Trechos da gravação obtidas pela Polícia Civil mostram que o suspeito tinha desavenças com a ex-mulher e com a avó da criança. Os áudios foram enviados pelo WhatsApp na sexta-feira (29) – mesmo dia em que sumiu com Bernardo. Em seguida, o suspeito ameaça sumir com a criança.

“VOCÊS NUNCA MAIS VÃO VER O BERNARDO, PORQUE AGORA ELA [EX-SOGRA] VAI ENTENDER O QUE É CINCO MINUTOS SEM VÊ-LO.”

Veja troca de mensagens entre os pais de Bernardo após desaparecimento do menino — Foto: PCDF/Divulgação

O homem detido contou ainda que tomava medicamentos controlados para dormir e que deu o remédio ao filho para que o menino dormisse durante a fuga.

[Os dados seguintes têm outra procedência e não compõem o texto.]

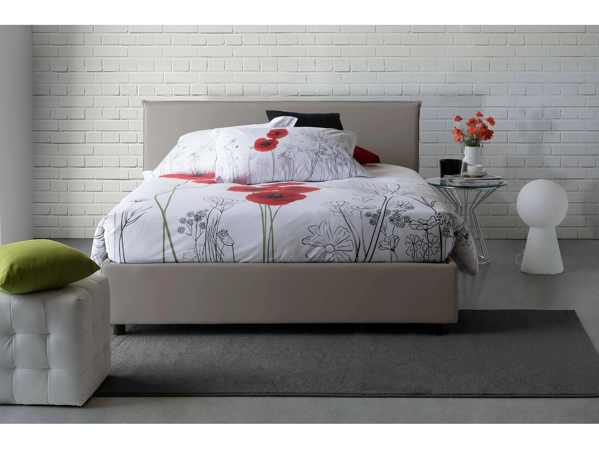 Lit double Dallegr, Lit coffre avec revêtement en tissu, 100% Made in Italy, Ouverture frontale, avec matelas 140x200 cm inclus, Taupe

Segundo Osório, mesmo com os medicamento, a criança não dormiu, começou a passar mal, pegou no sono e, só então iniciaram a viagem de carro até a Bahia.

Desaparecimento

O desaparecimento da criança foi registrado na 1ª Delegacia de Polícia (Asa Sul) pela mãe de Bernardo.

Na delegacia, Tatiana da Silva afirmou que o filho estava na creche quando foi levado pelo pai, na manhã de sexta-feira (29). Na ocasião, Osório disse que entregaria o menino ainda no mesmo dia, à noite.

Por volta das 22h, duas horas após o combinado, Tatiana mandou mensagens para o ex-companheiro, que não retornava aos contatos.

Segundo a polícia, a mãe da criança informou que, antes, “nunca houve problemas sobre a guarda do filho”. Ela disse, no entanto, que Osório não pagava a pensão do filho.

Depoimento

Ainda segundo o delegado Ritt, que investiga o caso, Osório afirmou que a intenção em fugir com o menino era “assustar a mãe e a avó da criança”.

“ELE FALA QUE A VONTADE ERA SUMIR DURANTE ALGUNS DIAS PARA DAR UM SUSTO A FAMÍLIA, DEIXAR A FAMÍLIA DESESPERADA”, DISSE O DELEGADO.

Osório relatou ainda à polícia que esperava um “momento oportuno” para a fuga. No dia em que desapareceu com Bernardo, o suspeito estava afastado do trabalho no Metrô por causa de uma licença, de 60 dias, devido a problemas psiquiátricos.

O homem detido contou ainda que tomava medicamentos controlados para dormir e que deu o remédio ao filho para que o menino dormisse durante a fuga.

Segundo Osório, mesmo com os medicamentos, a criança não dormiu, começou a passar mal, pegou no sono e, só então iniciaram a viagem de carro até a Bahia.